# [Exercise description]
After locating the line with "According to the" in the entries below, set down exactly that line and each one after it to the end, skipping pictures.

***** Provided entries *****

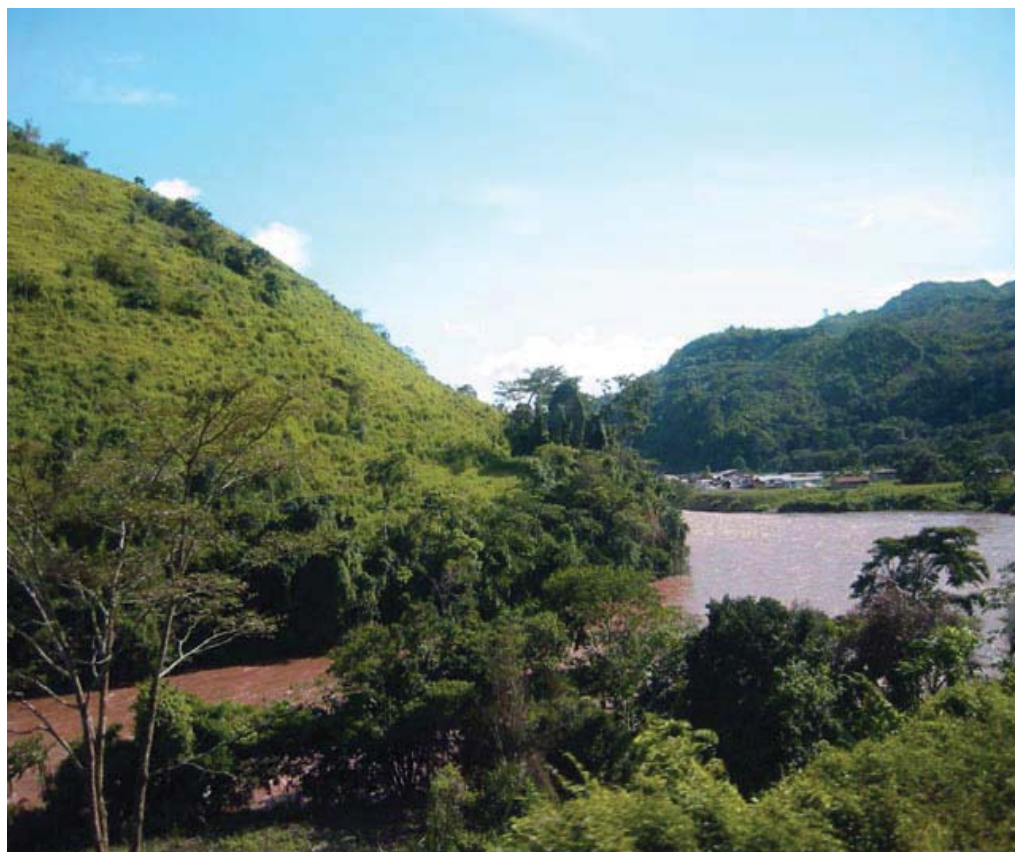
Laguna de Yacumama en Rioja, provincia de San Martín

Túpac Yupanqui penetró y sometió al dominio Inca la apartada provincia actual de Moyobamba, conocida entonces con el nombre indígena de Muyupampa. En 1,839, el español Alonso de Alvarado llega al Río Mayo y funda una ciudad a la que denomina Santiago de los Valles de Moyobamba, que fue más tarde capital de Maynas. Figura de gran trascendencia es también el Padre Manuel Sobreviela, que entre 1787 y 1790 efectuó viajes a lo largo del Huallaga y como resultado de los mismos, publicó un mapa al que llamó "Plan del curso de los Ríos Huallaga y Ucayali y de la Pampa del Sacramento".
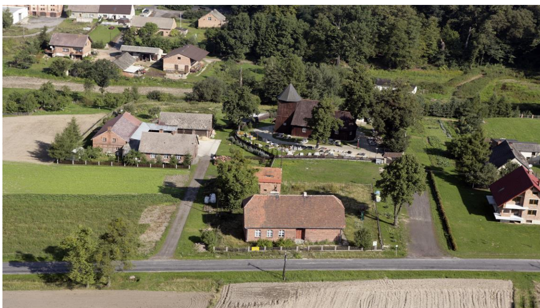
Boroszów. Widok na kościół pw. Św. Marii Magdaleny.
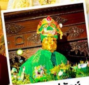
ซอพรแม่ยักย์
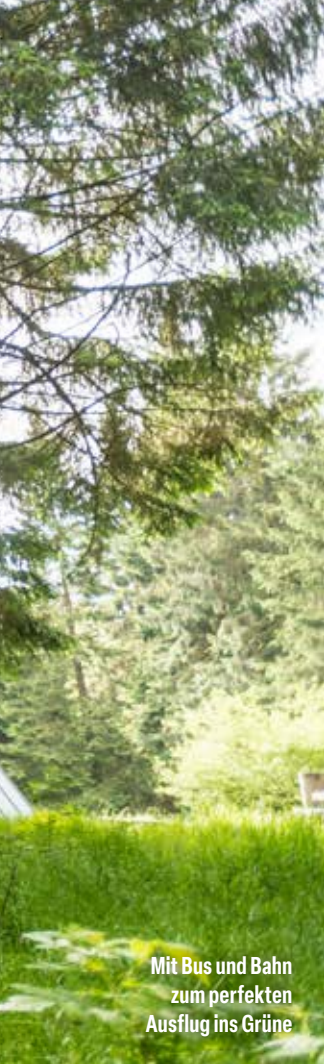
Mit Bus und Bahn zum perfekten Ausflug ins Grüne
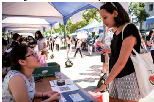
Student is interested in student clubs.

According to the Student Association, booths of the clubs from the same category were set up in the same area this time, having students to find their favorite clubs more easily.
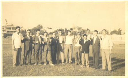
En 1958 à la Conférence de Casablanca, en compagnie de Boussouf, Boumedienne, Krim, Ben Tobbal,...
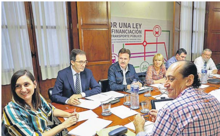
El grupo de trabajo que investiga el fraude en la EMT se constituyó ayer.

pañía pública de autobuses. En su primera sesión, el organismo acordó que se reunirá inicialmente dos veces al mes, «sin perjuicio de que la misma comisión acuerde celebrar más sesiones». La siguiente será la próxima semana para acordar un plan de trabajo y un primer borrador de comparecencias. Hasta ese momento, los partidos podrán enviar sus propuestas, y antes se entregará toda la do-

*****

# [Output below]
According to the Student Association, booths of the clubs from the same category were set up in the same area this time, having students to find their favorite clubs more easily.
En 1958 à la Conférence de Casablanca, en compagnie de Boussouf, Boumedienne, Krim, Ben Tobbal,...
El grupo de trabajo que investiga el fraude en la EMT se constituyó ayer.

pañía pública de autobuses. En su primera sesión, el organismo acordó que se reunirá inicialmente dos veces al mes, «sin perjuicio de que la misma comisión acuerde celebrar más sesiones». La siguiente será la próxima semana para acordar un plan de trabajo y un primer borrador de comparecencias. Hasta ese momento, los partidos podrán enviar sus propuestas, y antes se entregará toda la do-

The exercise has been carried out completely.